07 April 2012

When "yeah" means "ouch" (and vice versa)

I spoke about the tests and challenges that Alan has given me as part of the training. Two of the difficult and long ones are the 2 and a half hour bike challenge and the 5 hour bike challenge. Basically ride as hard as you can sustain for that time and see where it takes you. This helps us see if the training is working as planned - improving the power output over long time periods. Sounds tough and turns out it is.

Luckily Alan gave me a target for the 2.5 hour challenge to help pacing - 328 watt (normalized). That's 23 watts more than my best half Ironman bike, so hard. Nice enough he said "sustained climb", which would be fine if you are next to a really really long mountain, but here in Mallorca that doesn't exist. So I mapped out a route that was flat to rolling for the first hour and a half and then headed into the mountains.

It's a bit weird to do these things, because they don't feel that hard initially, but get worse as time goes on. I started out 10 watts above target and immediately my heart rate shot up to about 150, which is super high for me. I thought - yeah, I can hold this for an hour without too many problems, but then??
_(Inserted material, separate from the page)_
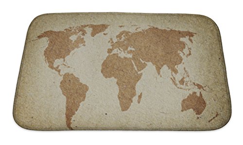Gear New No Slip Microfiber Memory Foam Vintage World Map Bath Rug Mat, 24" X 17"

Turns out you can cheat your mind quite well and set ever new goals and targets. After the first 30 minutes I was still 10 watts over and told myself "it doesn't hurt that much yet, so it must be ok." After 1:15 it was "half way there" and the power was still on. When I hit the climb it was "well now it's easier to produce power than on the flat."

The test turned out pretty well at 335 watt (normalized), and a few more watts were possible, but there was a little traffic in the mountains. After the ride I find, though, that I'm toast and will need a big sleep tonight.

Sometimes a little "yeah" needs a lot of "ouch" :-).